Seriously. Whoever chose this song needs to be whipped in the face with a rotting trout.
For those of you who weren't there in the 90's, "Gangster's Paradise" was written for the movie Dangerous Minds, which is a (admittedly mediocre and rather insulting) movie about a white teacher who goes into a troubled inner city school and makes a difference in a bunch of juvenile delinquents' lives with music. It was based on a true story, but in real life the teacher taught poetry by using rap and connecting with the kids on their level, which the school's authorities fight her on because they see the kids as lost causes; the insulting part is the movies changed the rap and connecting with them on their level to 60's hippie rock and token acknowledgement that "yeah, it was kinda about drugs so it works on your level," basically turning a touching story about crossing barriers to help people into a Mighty Whitey story.

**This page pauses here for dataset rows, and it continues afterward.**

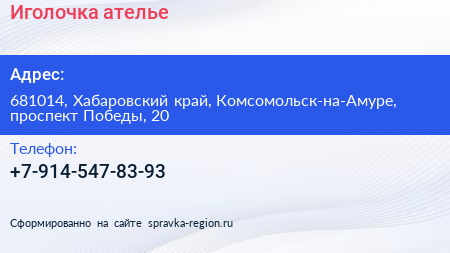 Иголочка, ателье по адресу 681014, Хабаровский край, Комсомольск-на-Амуре, проспект Победы, 20 в дальнейшем Организация, размещена в следующих категориях: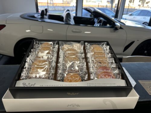 H社長のBMW X6のオイル交換にてご来店頂き、差し入れ頂戴致しました。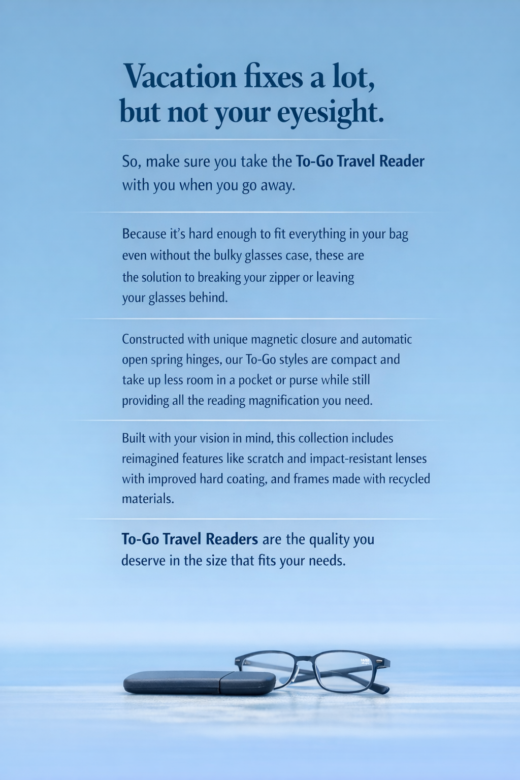 I positioned this collection in a way that reframes reading glasses as a convenient travel essential, using a light, easygoing tone to remove the stigma and make the product feel more like a natural part of the trip.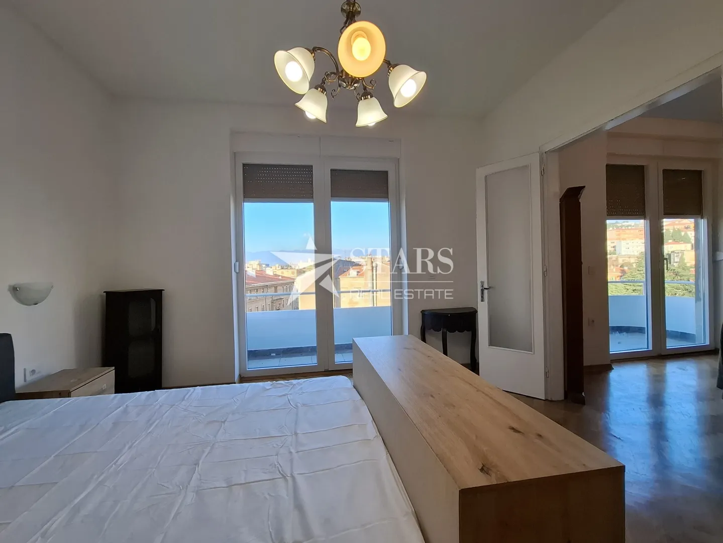 Stan je orijentiran prema jugu i istoku, izuzetno je svijetao, ugodan i topao, uz djelomičan pogled na more. Najvećem balkon od čak tri balkona moguće je pristupiti iz dnevnog boravka ali i iz glavne spavaće sobe. Glavna spavaća soba odvojena je degažmanom od ostatka stana te ima svoju kupaonicu.

The song Dangerous Minds is basically referencing how the students' lives would have turned out without her--stuck in a gang/criminal lifestyle they were heading toward at the beginning of the movie, lamenting that they don't want this, that they have no way out, that their own parents disowned them/think they're a lost cause, and basically killing people who offend them because that's all they know how to do anymore.
I get that advertisements pull this all the time, choosing songs either because they're catchy or because they don't pay attention to the lyrics enough to actually understand what it's about, but this is a rather extreme example because the lyrics even to a casual listener don't fit the movie they're advertising. Either that or someone on the advertising team decided that "rebellious teen" means "gangster wannabe."